Upaya tersebut dilakukan melalui penerimaan kunjungan peserta Program Pendidikan Penyiapan dan Pemantapan Pimpinan Nasional (P4N) angkatan LXIX tahun 2026 dalam kegiatan Peninjauan Objek Penting (POP) yang berlangsung di Jakarta, Senin (6/4).
“Kolaborasi lintas negara dalam menghadapi kejahatan narkotika yang bersifat transnasional merupakan hal yang penting,” kata Sekretaris Utama BNN RI Tantan Sulistyana.
Ia menambahkan bahwa kehadiran peserta dari berbagai negara sahabat menjadi momentum strategis untuk memperkuat sinergi di tingkat global dalam menghadapi ancaman narkotika.

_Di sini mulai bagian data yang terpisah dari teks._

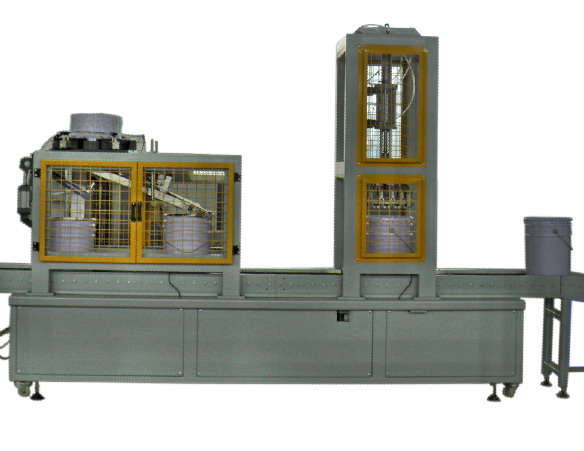 全自動上蓋壓蓋機系一種為重疊在一起的敞口容器(金屬容器/塑料容器)蓋子“量身”定做的自動分離、上蓋、壓蓋的設(shè)備。是將重疊堆放在一起的敞口容器蓋單個分離,通過機械手抓取,放置到需要封口的容器上,再通過光電檢測,專用模具壓抓,將蓋與桶緊密壓制到一起的專用設(shè)備。適用產(chǎn)品:涂料桶,油漆桶等20L桶上蓋壓蓋,可配套使用自動上桶分桶機,自動灌裝機,自動碼垛等組成全自動灌裝自動生產(chǎn)線。
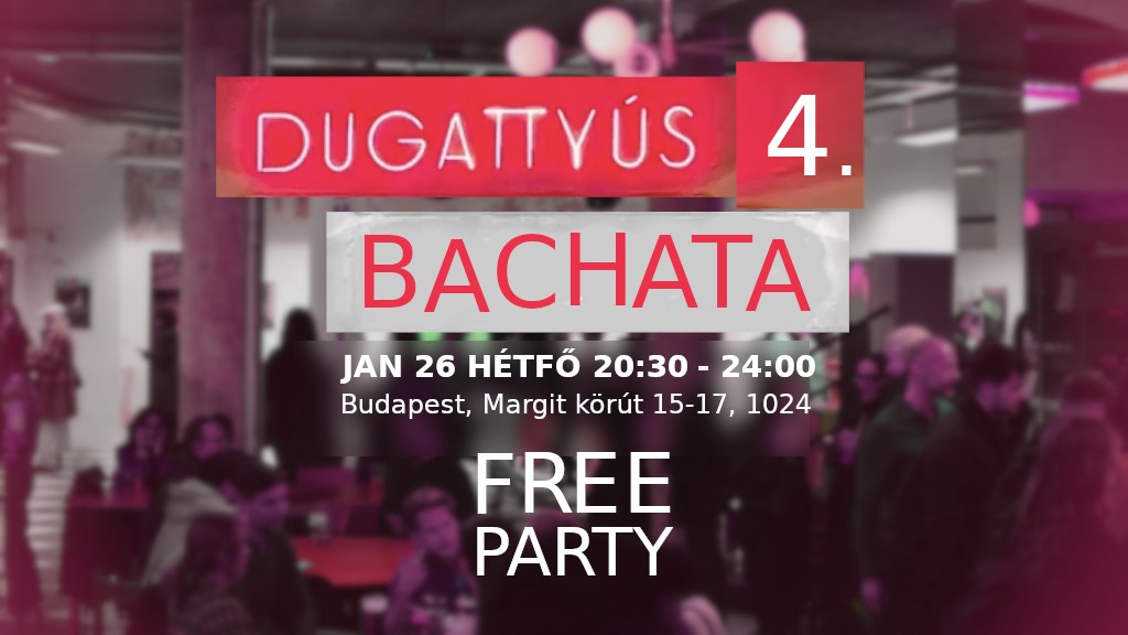BOMBA HANGULATÚ 100% BACHATA BULI A BELVÁROSBAN Event time: 20:00-01:00 Dress: elegant & cool Részletes információk: https://www.facebook.com/events/26913796511542233/
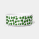 Dieses lustige Muster zeigt strukturierte grüne Kleber auf weißem Hintergrund. Ideal für den St. Patrick's Day. Passen Sie diese Schüssel mit dem Namen Ihres Haustieres an!
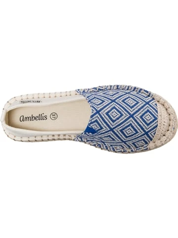 – im klassischen Espradrille-Design – Schuhweite: F – Obermaterial aus weichem TextilUnterstreichen Ihren perfekten Look: Die stilechten Espadrilles aus dem Hause ambellis. Das Futter aus Canvas ist angenehm anpassungsfähig. Dieses Schuhpaar kommt ohne Verschluss aus, sodass ganz bequem hineingeschlüpft werden kann. Das textile Obermaterial passt sich jedem Fuß an und überzeugt durch ein geringes Gewicht.Verschluss: SchlupfAbsatzart: FlachAbsatzhöhe: 0,3 cmSchuhweite: FObermaterial: Textil (Textil)Futter: Textil (Canvas)Decksohle: Textil (Canvas)Laufsohle: Sonstiges Material (TPR-Sohle)

Peserta kegiatan terdiri dari peserta dalam negeri serta perwakilan dari enam negara sahabat, yakni Malaysia, Timor Leste, Australia, Singapura, Kamboja, dan India.
Pimpinan peserta dari Lemhannas, Edi Saputra, menjelaskan bahwa para peserta internasional tersebut mengikuti program pendidikan P4N di Lemhannas RI selama enam bulan. Melalui program ini, para peserta diharapkan mampu memahami secara langsung strategi penanganan narkotika yang diterapkan di Indonesia.

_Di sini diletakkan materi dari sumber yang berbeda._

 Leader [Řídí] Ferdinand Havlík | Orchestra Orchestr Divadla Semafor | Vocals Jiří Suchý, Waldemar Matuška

Selain itu, para peserta juga memaparkan kondisi serta langkah-langkah penanganan narkotika di negara masing-masing sebagai bagian dari pertukaran informasi dan pembelajaran bersama.
Dalam rangkaian kegiatan tersebut, para peserta meninjau sejumlah fasilitas milik BNN, di antaranya layanan pusat panggilan (call center), Institusi Penerima Wajib Lapor (IPWL), Museum BNN, serta berbagai fasilitas pendukung lainnya.
Dalam kunjungan itu, Sekretaris Utama BNN RI didampingi oleh para pejabat tinggi madya dan pratama. Sementara itu, dari pihak Lemhannas, kegiatan dipimpin oleh Bob Henry Panggabean sebagai penanggung jawab, dengan Edi Saputra sebagai pimpinan peserta.
Turut hadir mendampingi dalam kegiatan tersebut antara lain tenaga ahli Raja Erjan, sekretaris Robertus Budi Wijayanto, serta staf umum Ana Susilowati.